- [PROBLEM DETAILS]
Every line from the first record below down to the line that includes "Acest penar şcolar" must be reproduced exactly; the pictures are not.
**** SUPPLIED INFORMATION ****
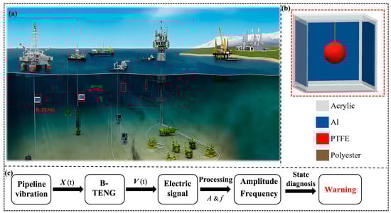 Application scenario and structure of B-TENG sensor. (a) Schematic diagram of B-TENG applied to marine pipeline vibration monitoring; (b) structure of B-TENG; (c) the flow chart of B-TENG for detecting pipeline conditions.
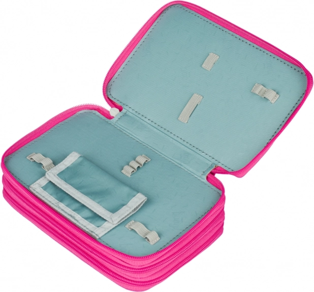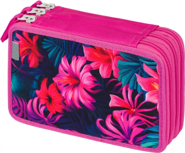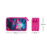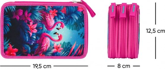 Acest penar şcolar cu trei etaje cu motiv tropical de flamingo şi frunze colorate oferă nu doar stil, dar mai ales funcţionalitate pentru organizarea tuturor uneltelor de scris. Fiecare compartiment utilizează fermoare de marcă YKK fiabile şi cotor întărit care facilitează manipularea la închidere.
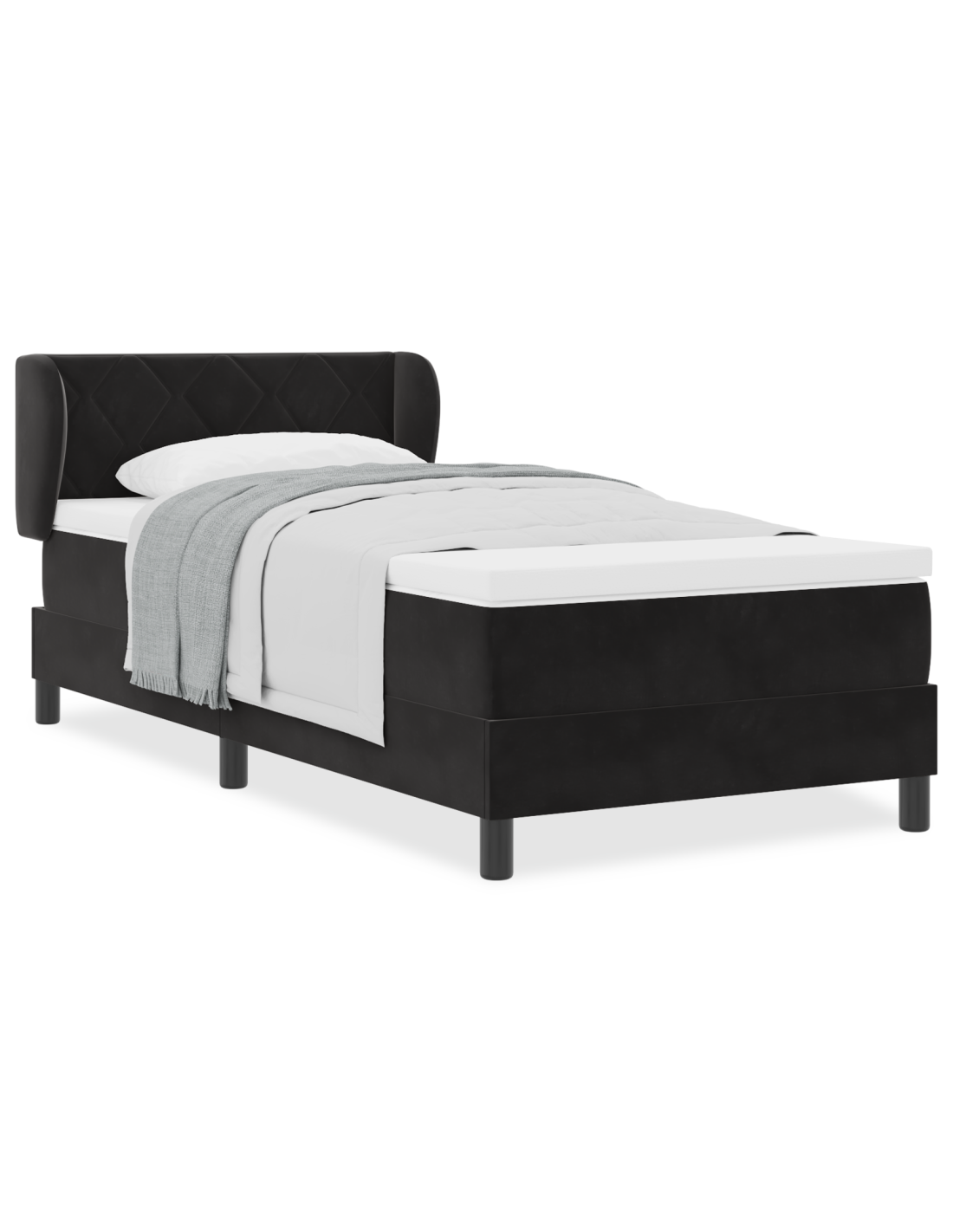 - Componenti Inclusi: Il letto viene fornito con un materasso e un topper per un comfort eccezionale. La testiera, fatta in schiuma e legno massello di pino, fornisce supporto extra per collo e schiena. Le gambe in plastica nera danno stabilità e si abbinano al look moderno.
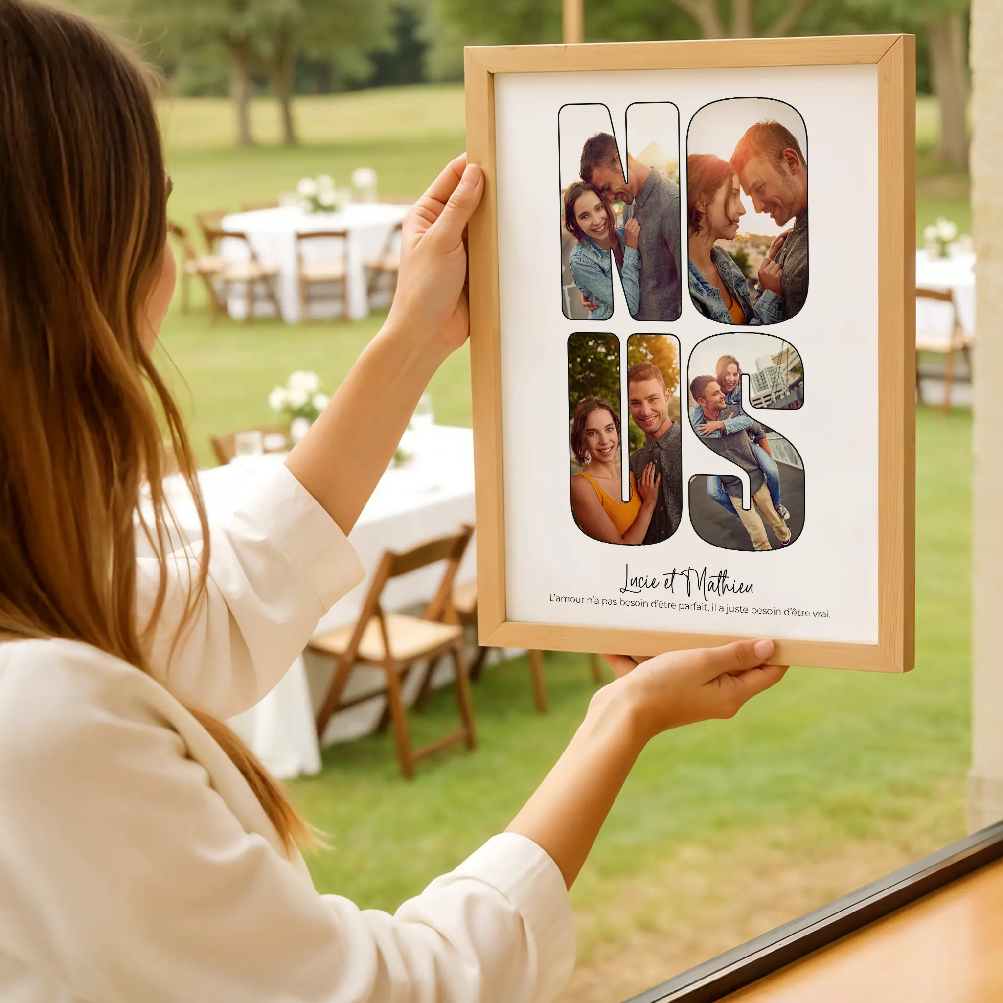 Transformez vos souvenirs préférés en un collage photo en forme de lettre ou de chiffre, chargé de sens, conçu sur mesure et imprimé sur un poster ou une toile premium
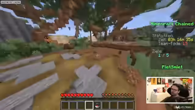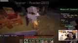 02:30:27Das Team beschließt, Türme zu bauen, um die Umgebung besser erkunden zu können. Armin versucht, mit Enderperlen aus gefährlichen Situationen zu entkommen. Die Spieler treffen auf verschiedene Strukturen wie Dörfer und versuchen, dort nützliche Items zu finden. Sie haben jedoch Schwierigkeiten, sich schnell fortzubewegen und werden oft von Monstern angegriffen.
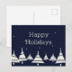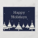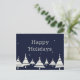 Modern Christmas design featuring off-white minimalist Christmas trees on a deep navy blue background, creating a chic and contemporary holiday aesthetic.
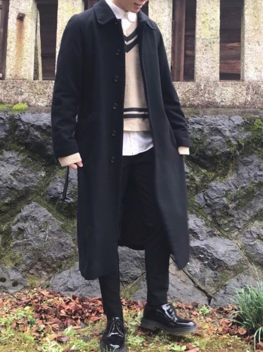 ロングコートコーデ!! ロングコートに細身のスラックスを合わせVシルエットのスタイルが良く見えるコーデです! 黒い中に白シャツが見えることで清潔感+してます✨ チルデンニットの可愛らしいさとロングコートの大人っぽさが良い感じ◎ <サイズ> アウター:M ニット:free シャツ:M パンツ:M 靴:8inch
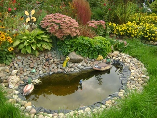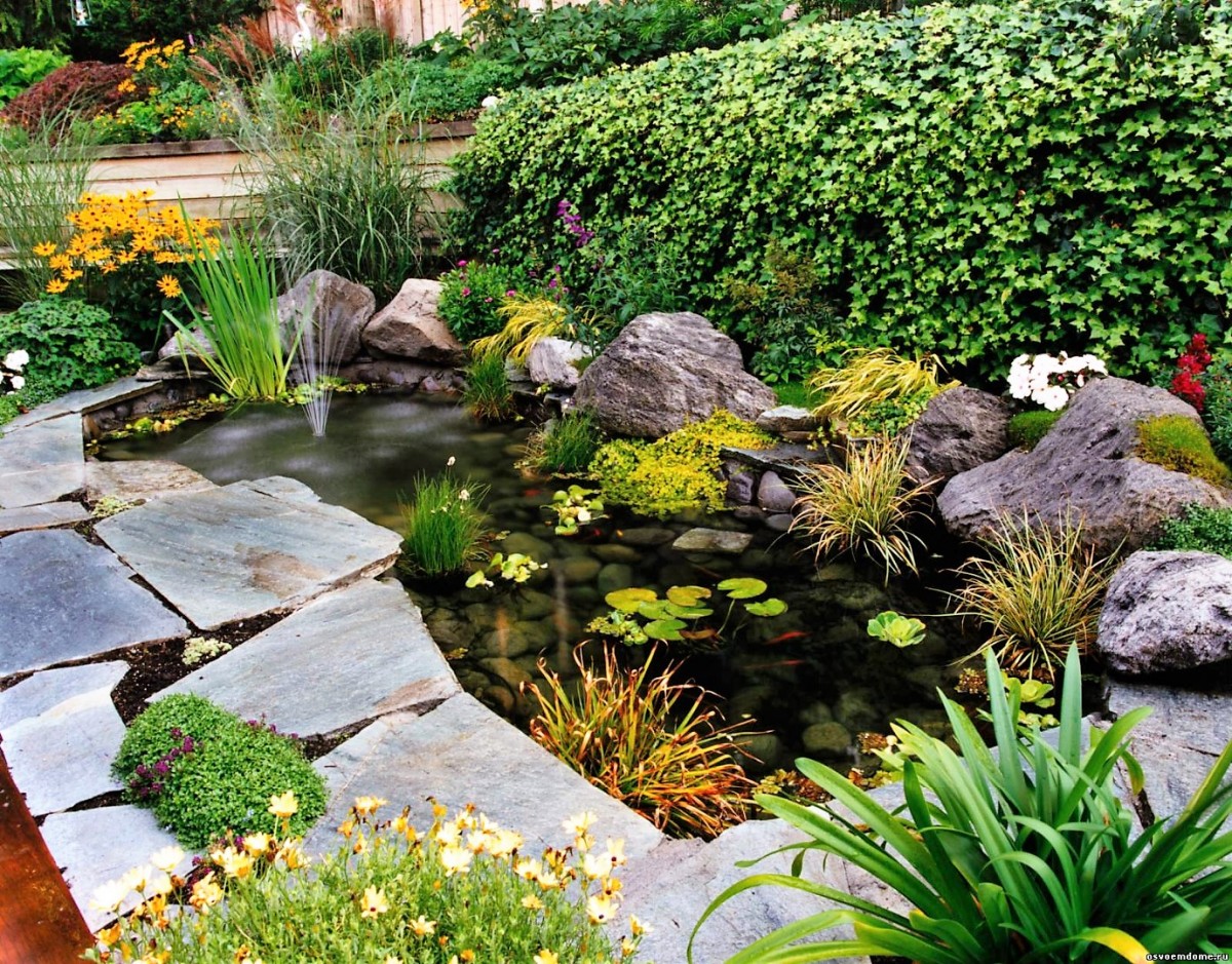 Вокруг можно разместить необычные фигурки из камня, цемента, керамические кувшины и прочие разнообразные детали на ваш вкус.
****
- [ANSWER BOX]
 Application scenario and structure of B-TENG sensor. (a) Schematic diagram of B-TENG applied to marine pipeline vibration monitoring; (b) structure of B-TENG; (c) the flow chart of B-TENG for detecting pipeline conditions.
 Acest penar şcolar cu trei etaje cu motiv tropical de flamingo şi frunze colorate oferă nu doar stil, dar mai ales funcţionalitate pentru organizarea tuturor uneltelor de scris. Fiecare compartiment utilizează fermoare de marcă YKK fiabile şi cotor întărit care facilitează manipularea la închidere.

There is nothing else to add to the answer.